Abstract
Proper chromosome segregation depends upon kinetochore phosphorylation by the Chromosome Passenger Complex (CPC). Current models suggest the activity of the CPC decreases in response to the inter-kinetochore stretch that accompanies the formation of bi-oriented microtubule attachments, however little is known about tension-independent CPC phosphoregulation. Microtubule bundles initially lie in close proximity to inner centromeres and become depleted by metaphase. Here we find these microtubules control kinetochore phosphorylation by the CPC in a tension independent manner via a microtubule-binding site on the Borealin subunit. Disruption of Borealin-microtubule interactions generates reduced phosphorylation of prometaphase kinetochores, improper kinetochore-microtubule attachments and weakened spindle checkpoint signals. Experimental and modeling evidence suggests that kinetochore phosphorylation is greatly stimulated when the CPC binds microtubules that lie near the inner centromere, even if kinetochores have high inter-kinetochore stretch. We propose the CPC senses its local environment through microtubule structures to control phosphorylation of kinetochores.
Highlights
Proper chromosome segregation depends upon kinetochore phosphorylation by the Chromosome Passenger Complex (CPC)
CPC recognizes the inner centromere via two distinct histone phosphorylation marks, Histone H3 phosphorylated on T3 (H3pT3)[8,9,10] and Histone H2A phosphorylated on T120 (H2ApT120)[4,8,11,12,13,14]

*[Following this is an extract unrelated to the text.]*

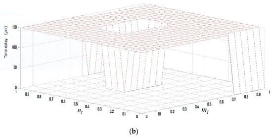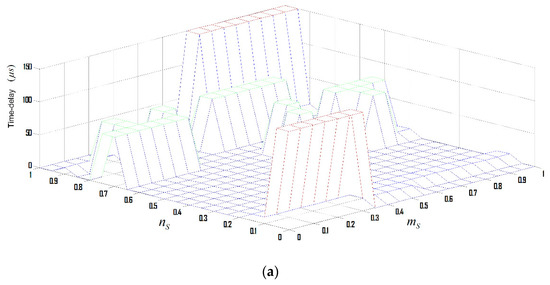 Analysis methodology discussed in Section 2 tells us that no matter how much the actual time-delay is, the rough estimation of stability within one sampling time could be carried out. Returned to the strategies proposed in Section 3, stability analysis becomes multidimensional due to the existence of control coefficient mS, nS, mT, nT, and time-delay τk. The boundary curves used for addressing the upper limit time-delay maintaining system still stable are obtained by Schur criterion, as shown in Figure 5. The result reveals that the stability features of SPM and TPM towards time-delay are remarkably different. In SPM result as depicted in Figure 5a, where three-dimension coordinates are adjustable coefficients ms, n,s and maximum allowable time-delay, there are few cross-columns with different depths to show that only these regions with particular ms/ns combinations have relatively large allowable time-delay, the rest area is covered by zero-close flat surface. It means network-based system stability is dominantly affected by time-delay in SPM. Nevertheless, in the TPM results shown in Figure 5b, except only a small part of region showing the allowable time-delay is tiny, other upper value in the regional surface can be rushed into 150 μs, which could be even bigger if we release the 150 μs restriction. The conclusion can be drawn that system is less influential on the time-delay impact in TPM. From the angle of control, the system shows its susceptibility to the time-delay and the control parameters should be elaborately designed for mS and nS to keep system stable in SPM. On the other hand, control coefficient mT and nT still cannot be designed arbitrarily even system is basically regarded as delay-insensitive in TPM. In addition, the stability criteria described in this section is used to reach a guidance conclusion on the qualitative analysis of time-delay impact. The quantitative accuracy is dependent on the precise model of power electronic systems and the theoretical analysis methods we are seeking.

Apart from tension sensitive mechanisms, the tension-independent mechanisms are likely to be involved since some prometaphase kinetochores may become stretched due to kinetochore localized motor activity on microtubule bundles that lie in close proximity to inner centromeres[33,34]
Summary
Proper chromosome segregation depends upon kinetochore phosphorylation by the Chromosome Passenger Complex (CPC). Phosphorylation of kinetochore substrates such as the Ndc[80] complex, by Aurora-B, is higher on unaligned kinetochores than metaphase-aligned kinetochores[15,17], which may regulate many events including the maturation of kinetochoremicrotubule attachments[18] This is caused in part by recruitment of phosphatases to kinetochores after they obtain proper kinetochores attachments[19,20,21], but most models suggest that the CPC’s ability to phosphorylate kinetochores is decreased in metaphase[22,23,24]. Budding yeast and chicken DT40 cells do not require centromere localization for biorientation[28,29,30], but the CPC in yeast require the ability to bind microtubules[28,29] Many of these models suggest that the CPC is regulated by changes to the inner centromeric chromatin that results from the pulling forces exerted by microtubules bound to the kinetochores (inter-kinetochore stretch or centromeric tension)[22,31,32]. Apart from tension sensitive mechanisms, the tension-independent mechanisms are likely to be involved since some prometaphase kinetochores may become stretched due to kinetochore localized motor activity on microtubule bundles that lie in close proximity to inner centromeres[33,34]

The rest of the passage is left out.